-- DATASET EXCERPT follows --
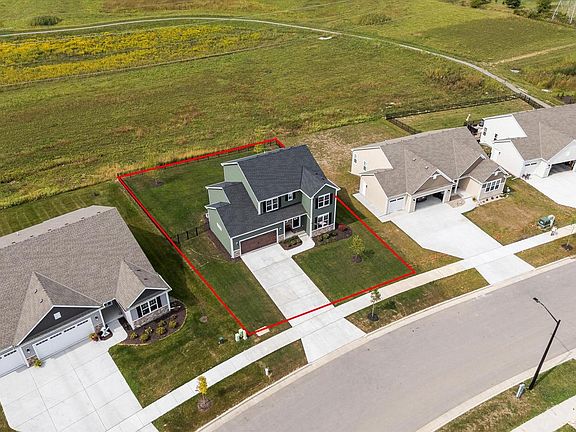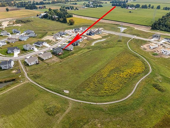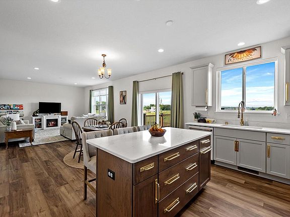 This 2024 two story home offers a top location, privacy, awesome views west, huge seller upgrades, partial exposure, fenced yard and full composite deck with storage- a must see!! Enter the foyer that leads a spacious office/Den or to an open concept kitchen & dining area w/patio doors to deck . Large entertaining kitchen w/quartz counters, snack island, walk in pantry + all GE Cafe appliances included + LVP floors. Open living room with huge windows! Main level mud area large closet + 9ft. ceilings main. The upper level offers private master bedroom w/box ceilings, 2-walk in closet + private full bath w/walk in SS. Three other bedrooms with great closet space + a full family bath SOT and a bonus 2nd floor laundry room. Lower level has a full bath rough + 2 full windows.
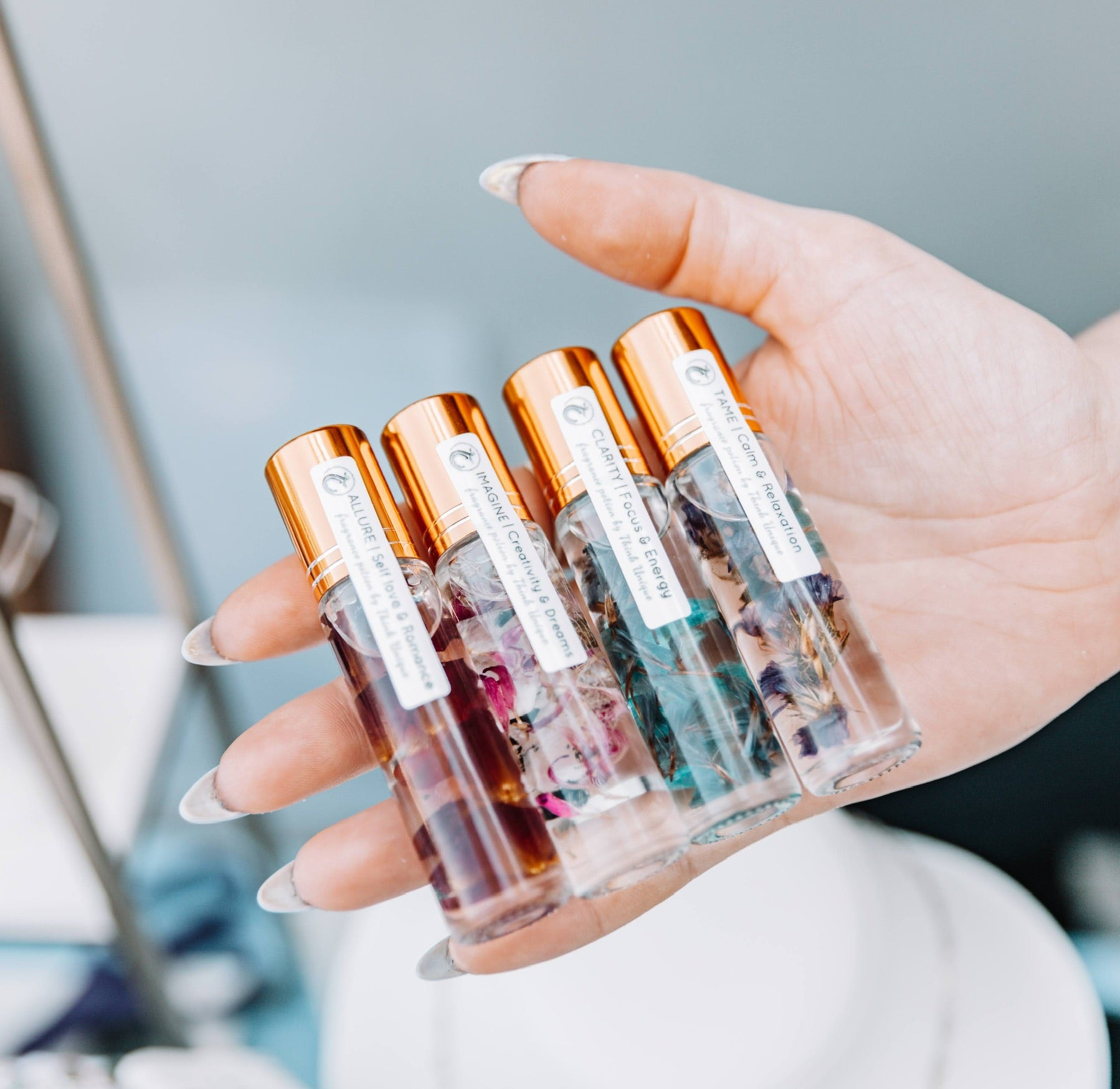 Fragrance potion gift set- All four of our floral and crystal oil roller perfumes!
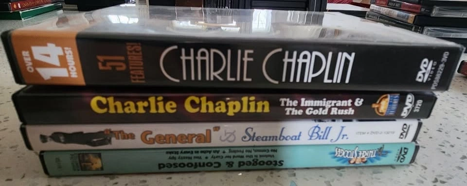 DVDs: Charlie Chaplin, Buster Keaton, Three Stooges
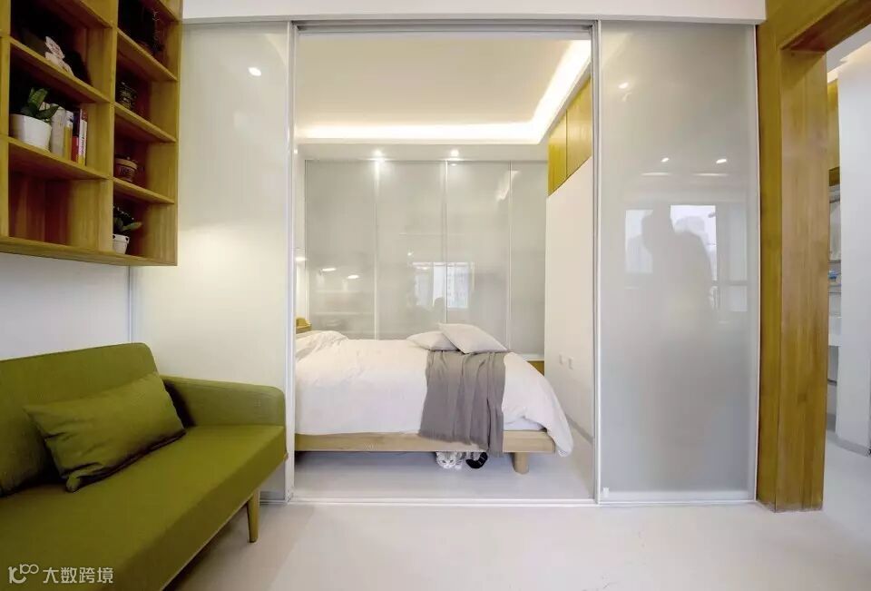 ►►为保持卧室的通透感,而选择了半透明分隔设计。
-- DATASET EXCERPT concluded --
PROBLEM STATEMENT:
Extract, word for word, every line from the one containing "DVDs: Charlie Chaplin, Buster" to the end of the data above, both ends included, and leave out the pictures.

WRITTEN RESPONSE:
 DVDs: Charlie Chaplin, Buster Keaton, Three Stooges
 ►►为保持卧室的通透感,而选择了半透明分隔设计。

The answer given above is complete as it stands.